— DIRECTIONS —
Looking through the listing below, state how many lines have the word "that" in them. Only the number should be given.
DATA SUPPLIED below:
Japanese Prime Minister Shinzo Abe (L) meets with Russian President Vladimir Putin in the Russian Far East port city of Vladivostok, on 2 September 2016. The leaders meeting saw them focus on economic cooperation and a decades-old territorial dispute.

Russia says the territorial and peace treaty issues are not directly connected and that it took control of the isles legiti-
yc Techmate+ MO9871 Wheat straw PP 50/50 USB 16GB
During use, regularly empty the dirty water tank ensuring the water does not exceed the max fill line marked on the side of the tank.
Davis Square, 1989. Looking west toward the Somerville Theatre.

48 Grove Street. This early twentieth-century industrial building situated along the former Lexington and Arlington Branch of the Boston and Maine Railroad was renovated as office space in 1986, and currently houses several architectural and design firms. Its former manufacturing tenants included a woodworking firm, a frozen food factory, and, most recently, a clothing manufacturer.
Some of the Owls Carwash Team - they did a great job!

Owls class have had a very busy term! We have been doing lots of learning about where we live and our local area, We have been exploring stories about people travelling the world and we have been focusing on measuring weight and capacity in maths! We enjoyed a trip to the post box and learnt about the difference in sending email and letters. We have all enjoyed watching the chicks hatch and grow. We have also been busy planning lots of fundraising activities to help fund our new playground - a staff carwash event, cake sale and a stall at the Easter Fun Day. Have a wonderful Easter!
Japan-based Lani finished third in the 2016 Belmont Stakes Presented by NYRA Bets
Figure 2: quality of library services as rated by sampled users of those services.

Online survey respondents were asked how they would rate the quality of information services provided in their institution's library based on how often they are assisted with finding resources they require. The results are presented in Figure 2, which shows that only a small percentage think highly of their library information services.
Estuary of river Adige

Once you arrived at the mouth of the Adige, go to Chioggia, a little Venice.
End of DATA SUPPLIED.
DATA SUPPLIED below:
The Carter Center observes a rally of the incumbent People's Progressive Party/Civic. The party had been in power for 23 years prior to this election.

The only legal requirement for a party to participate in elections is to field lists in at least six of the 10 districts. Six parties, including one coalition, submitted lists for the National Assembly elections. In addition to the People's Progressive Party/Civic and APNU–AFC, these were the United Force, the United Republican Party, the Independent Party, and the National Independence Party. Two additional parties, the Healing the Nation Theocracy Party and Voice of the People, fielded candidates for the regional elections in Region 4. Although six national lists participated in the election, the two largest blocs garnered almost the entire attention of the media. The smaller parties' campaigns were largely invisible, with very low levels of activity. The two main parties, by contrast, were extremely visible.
End of DATA SUPPLIED.
— EXPECTED ANSWER —
2